This is software (AWS) generated transcription and it is not perfect.
So originally I was a student at BYU, I got an MISM there and then actually headed over to the University of Utah. Originally, I wanted to get a Ph.D. with an emphasis in information systems, I decided that wasn't for me all the research was tedious but the research was awful. So I decided to go into industry instead of academia and ended up at Intermountain Healthcare as a data analyst and it's been awesome, kind of moved up a little bit became an analytics engineer and I'm on a specialized team now focused on all data analysts and the tools that we use. So it's been a pretty fascinating turn for me and really rewarding, I've really enjoyed it.

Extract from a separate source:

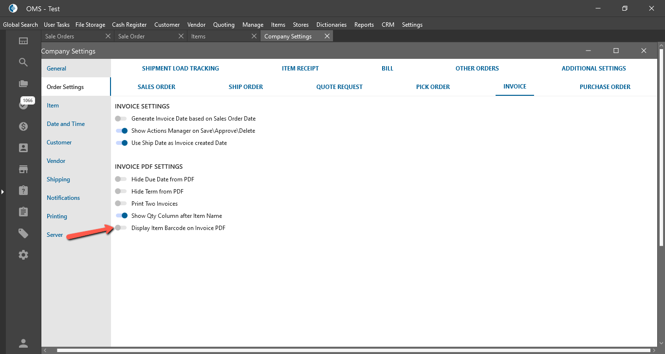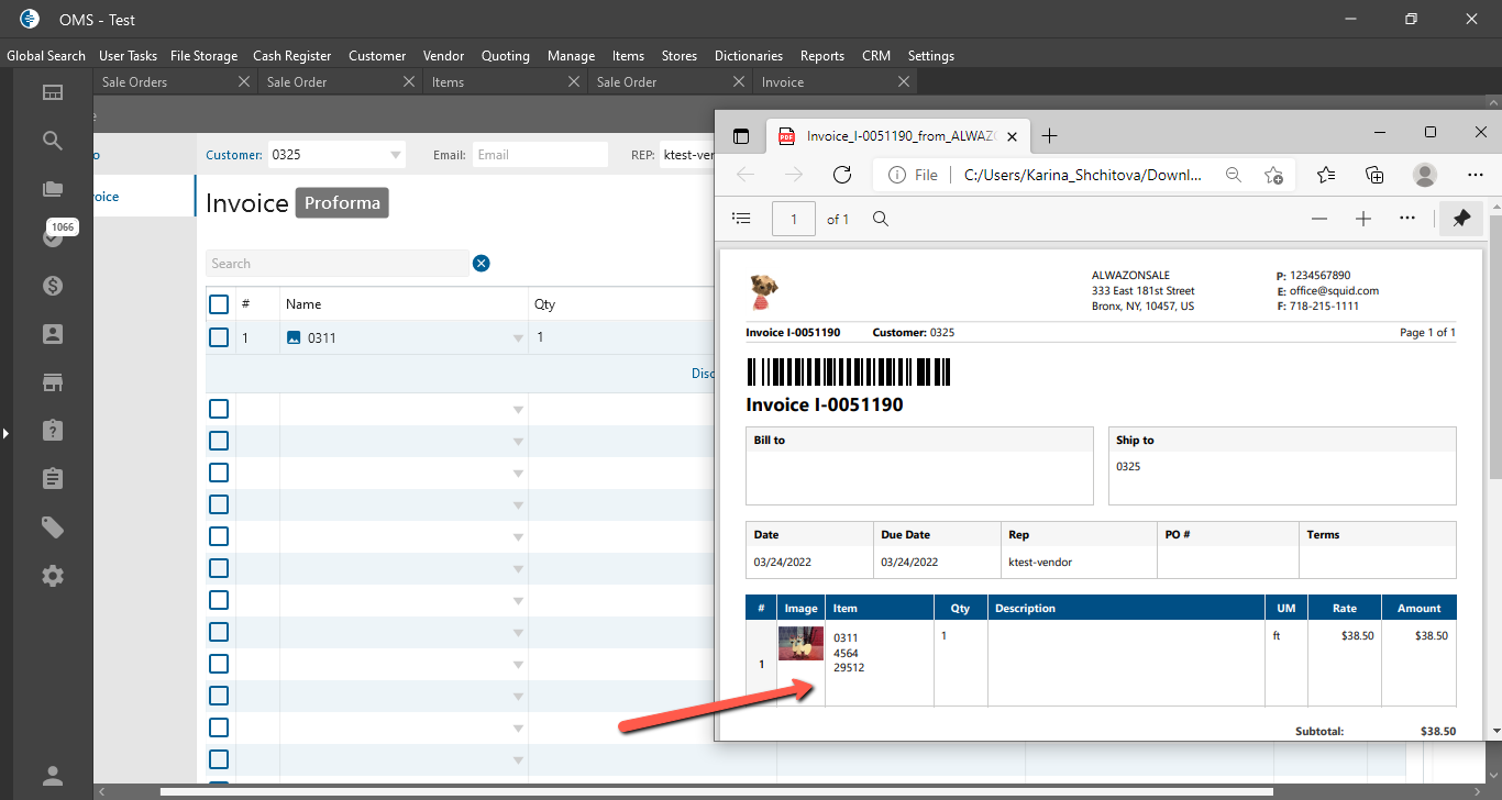 - Item Barcode is displayed on the Invoice PDF In the Item Name column.

So responsibilities are a lot around strategy for analytics with Intermountain what BI tools do we want to use and how do we want to move forward as an Enterprise Analytics organization? What's the best approach to individual projects as well? So one of the big projects that we have right now is what's called the Executive Dashboard. Our team handles all the data gathering, creation and visualization for our executive leadership team on a monthly basis that will also go to our board of directors as well as new requirements this year to go to every leader within Intermountain so think of every manager on up so it's kind of a big responsibility for us. It was super stressful, but luckily we're kind of in maintenance mode now. In terms of the weekly hours, we have a flexible schedule, so we'll actually go down to a Provo office on Monday, Tuesday, Wednesday, Thursday, we will spend time at what's called our parkway office, and then the expectation is on Fridays we get to work from home. My manager's on a workgroup that actually will expand that, and potentially we could work from home two days a week, so lots of telecommuting involved.
The main tools for us as data analysts, in general, think of Tableau, Cognos, Power BI just the General BI tools, SQL, we use Oracle SQL here with our Enterprise Data warehouse so you'll see a lot of data polls with SQL developer or what's called Toad. So general analysis, things like that, you'll see a lot of other analysts use R, Python a lot of data mining packages, things like that. In terms of preference for tools, I really like tableau and the flexibility and the customization that it allows. A lot of people push for us to have Power BI but what we see is that there's not a whole lot differentiation when we've invested so much in tableau. So we say, in terms of strategy it doesn't really make sense to have two tools doing the same thing and that's part of the job that we have of like what is the strategy moving forward with the tools that we have and the scope and their overlap, etcetera?